■ **Work required**:
Everything in the data below except the pictures must be repeated word for word.

==== Information provided

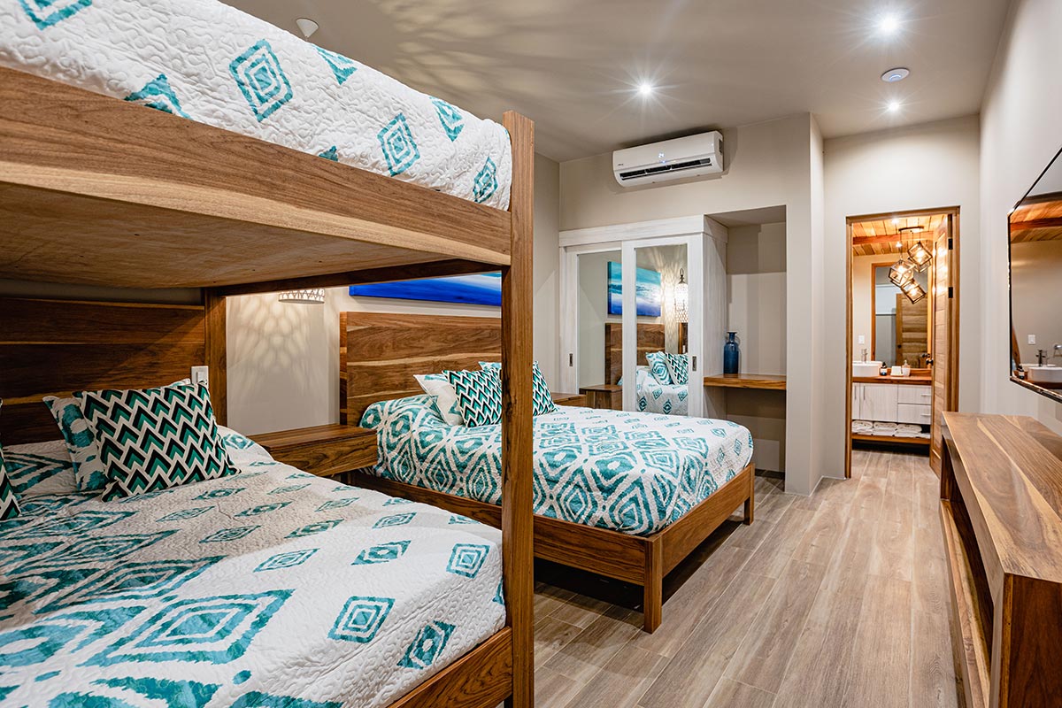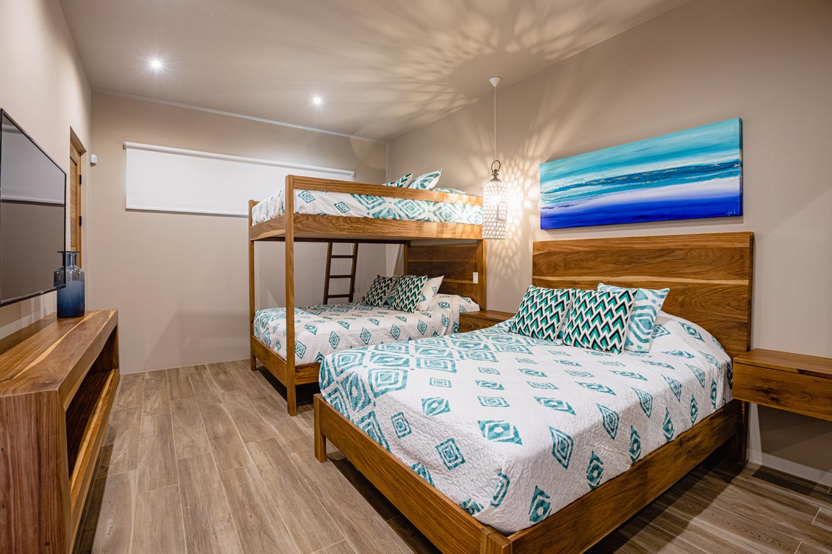 3rd Bedroom, 3 beds sleeps 6, ( 32m2 / 345 sqft )Customised Queen bunk bed and Queen bed and furniture, 'Malu' artwork, , Private ensuite with indoor showers, electronic black out blinds, 50 inch Smart Tv, Split invertor AC.
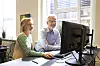 Mathias Güthe mit seiner Kollegin Ulla Svane, die ihm hilft, sich einzuarbeiten.
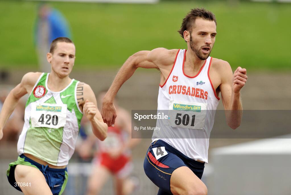 2 August 2009; Thomas Chamney, Crusaders AC, races clear of David Campbell, St. Coca's AC, left, on his way to winning the Men's 800m final during the Woodie's DIY / AAI National Senior Track & Field Championships. Morton Stadium, Santry, Dublin. Picture credit: Pat Murphy / SPORTSFILE
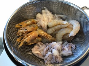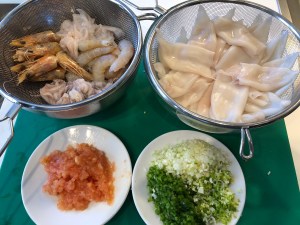 A continuación, pelamos los langostinos, reservamos las cabezas, limpiamos la tripa y guardamos filmadas las colas. Por otra parte, tenemos los chipirones ya limpios, sin tripa, separados los cuerpos de las aletas y las patitas y los ponemos a escurrir bien. Seguidamente, picamos la cebolla y el pimiento, pelamos, despepitamos y picamos el tomate, picamos el perejil y reservamos.

========

■ **Response**:
 3rd Bedroom, 3 beds sleeps 6, ( 32m2 / 345 sqft )Customised Queen bunk bed and Queen bed and furniture, 'Malu' artwork, , Private ensuite with indoor showers, electronic black out blinds, 50 inch Smart Tv, Split invertor AC.
 Mathias Güthe mit seiner Kollegin Ulla Svane, die ihm hilft, sich einzuarbeiten.
 2 August 2009; Thomas Chamney, Crusaders AC, races clear of David Campbell, St. Coca's AC, left, on his way to winning the Men's 800m final during the Woodie's DIY / AAI National Senior Track & Field Championships. Morton Stadium, Santry, Dublin. Picture credit: Pat Murphy / SPORTSFILE
 A continuación, pelamos los langostinos, reservamos las cabezas, limpiamos la tripa y guardamos filmadas las colas. Por otra parte, tenemos los chipirones ya limpios, sin tripa, separados los cuerpos de las aletas y las patitas y los ponemos a escurrir bien. Seguidamente, picamos la cebolla y el pimiento, pelamos, despepitamos y picamos el tomate, picamos el perejil y reservamos.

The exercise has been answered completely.